Sie schüttelte den Kopf.

»Ist es nicht merkwürdig, dass sich ein Palast und ein Tempel unter dem gleichen Dach befinden?«

»Zemocher sind merkwürdig«, entgegnete sie. »Nun, eine gewisse Trennung besteht, aber man muss durch den Palast, um in den Tempel zu gelangen. Der Tempel hat keine Tore ins Freie.«

»Dann brauchen wir nur zum Palast zu reiten und an die Tür zu klopfen«, sagte Kalten trocken.

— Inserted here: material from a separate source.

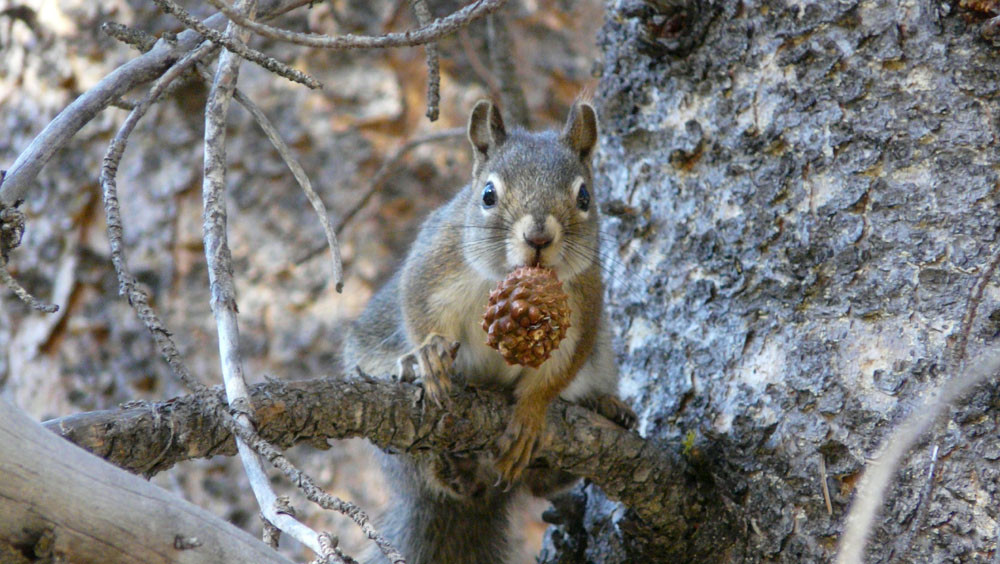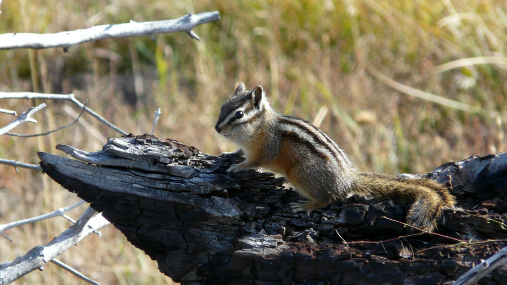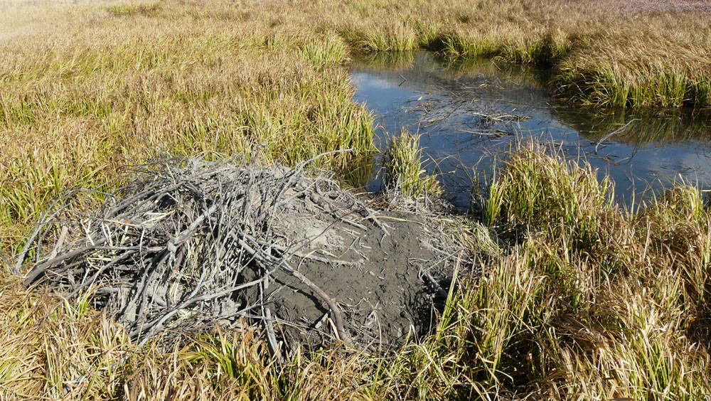 Zunächst folgen wir dem Seeufer, verlassen es aber nach der geschlossenen Trail Creek Rangerstation. Wir überqueren einen kleinen Höhenrücken, dann geht es zwischen Bergen und See fast eben dahin. Einen kleinen Bach müssen wir auf einem noch morgendlich vereisten Baumstamm überqueren - eine rutschige Angelegenheit. Wenig später erreichen wir eine Bucht am South Arm des Yellowstone Lake. In den Ästen der kahlen Bäume am Ufer entdecken wir zwei Weißkopfseeadler. Weiter auf dem Trail Creek Trail geht es auf eine Hügelkette zu, die wir an ihrem tiefsten Punkt überqueren. In der Nähe des Outlet Lake machen wir eine späte Mittagspause. Vom auf der Karte eingezeichneten Campingplatz finden wir keine Spur. Wenig später haben Biber wieder das kleine Tal geflutet und wir können einen Biberbau aus der Nähe betrachten. Nun gehen wir das Tal zum Heart Lake hinab, an dessen Ufer wir zum Zeltplatz 8J6 kommen.

»Nein«, widersprach Kurik. »Wir gehen zu Fuß zum Palast, und erst, wenn wir dort sind, entscheiden wir, ob wir anklopfen oder nicht.«

»Zu Fuß?«, wiederholte Kalten entsetzt.

»Pferde machen auf gepflasterten Straßen zu viel Lärm, und sie lassen sich schlecht verstecken, wenn man Deckung sucht.«

»In voller Rüstung zu Fuß zu gehen, ist kein Vergnügen, Kurik.«

»Du wolltest doch Ritter werden. Soweit ich mich erinnere, habt ihr, du und Sperber, euch sogar freiwillig gemeldet.«

»Könnt Ihr nicht diesen Unsichtbarkeitszauber pfeifen, von dem Sperber uns erzählt hat?«, fragte Kalten Sephrenia. »Der, den Flöte auf ihrer Syrinx geblasen hat?«

Sie schüttelte den Kopf.

»Warum nicht?«

Sie summte eine kurze Melodie. »Erkennt Ihr das?«, wollte sie wissen.

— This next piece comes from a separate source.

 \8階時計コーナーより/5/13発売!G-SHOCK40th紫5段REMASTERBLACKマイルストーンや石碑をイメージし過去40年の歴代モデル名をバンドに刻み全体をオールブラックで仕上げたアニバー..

Er runzelte die Stirn. »Nein.«

»Das war die traditionelle pandionische Hymne. Ich bin sicher, dass Ihr damit vertraut seid. Beantwortet das Eure Frage?«

»Oh. Musik gehört also nicht zu Euren starken Seiten, wenn ich es recht verstehe.«

Talen blickte sie neugierig an. »Was würde passieren, wenn Ihr es versucht und die falschen Töne trefft?«

Sie schauderte. »Frag lieber nicht.«

»Dann schleichen wir eben«, sagte Kalten. »Also denn, gehen wir es an.«

»Sobald es dunkel ist«, vertröstete ihn Sperber.

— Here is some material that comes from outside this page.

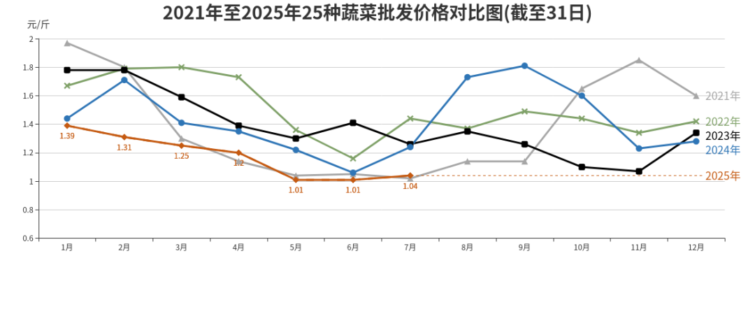 蔬菜批发、社区菜店、连锁超市价格分别为每斤1.04元、2.87元、3.46元,环比分别上涨2.97%、1.77%、4.22%,同比分别下降16.13%、2.71%、2.26%。

Über die staubige Ebene zur grimmigen Mauer von Zemoch war es gut eine Meile, und die Ritter kamen schweißüberströmt am Westtor an.

»Ist das schwül!«, stöhnte Kalten und wischte sich das schweißnasse Gesicht ab. »Ist denn in Zemoch gar nichts normal? Zu dieser Jahreszeit dürfte es überhaupt nicht schwül sein.«

»Ohne Zweifel zieht ein ungewöhnliches Wetter auf«, stimmte Kurik zu. Das ferne Donnergrollen und das Wetterleuchten, das die Wolkenbänke im Osten aufleuchten ließ, bestätigte ihre Beobachtung.

»Vielleicht könnten wir Otha um Zuflucht vor dem Gewitter ersuchen?«, meinte Tynian. »Wie sieht es mit der Gastfreundschaft bei den Zemochern aus?«

»Nicht zu empfehlen«, antwortete Sephrenia.

»In der Stadt müssen wir so leise wie möglich sein«, mahnte Sperber.

Sephrenia hob den Kopf und spähte gen Osten. Ihr blasses Gesicht war in der Dunkelheit kaum zu sehen. »Warten wir noch ein wenig«, riet sie. »Das Unwetter kommt hierher. Donner wird verräterisches Knarren und Rasseln übertönen.«

Sie lehnten sich an die Basaltmauer der Stadt, als das Krachen und Grollen des Donners unaufhaltsam näher kam.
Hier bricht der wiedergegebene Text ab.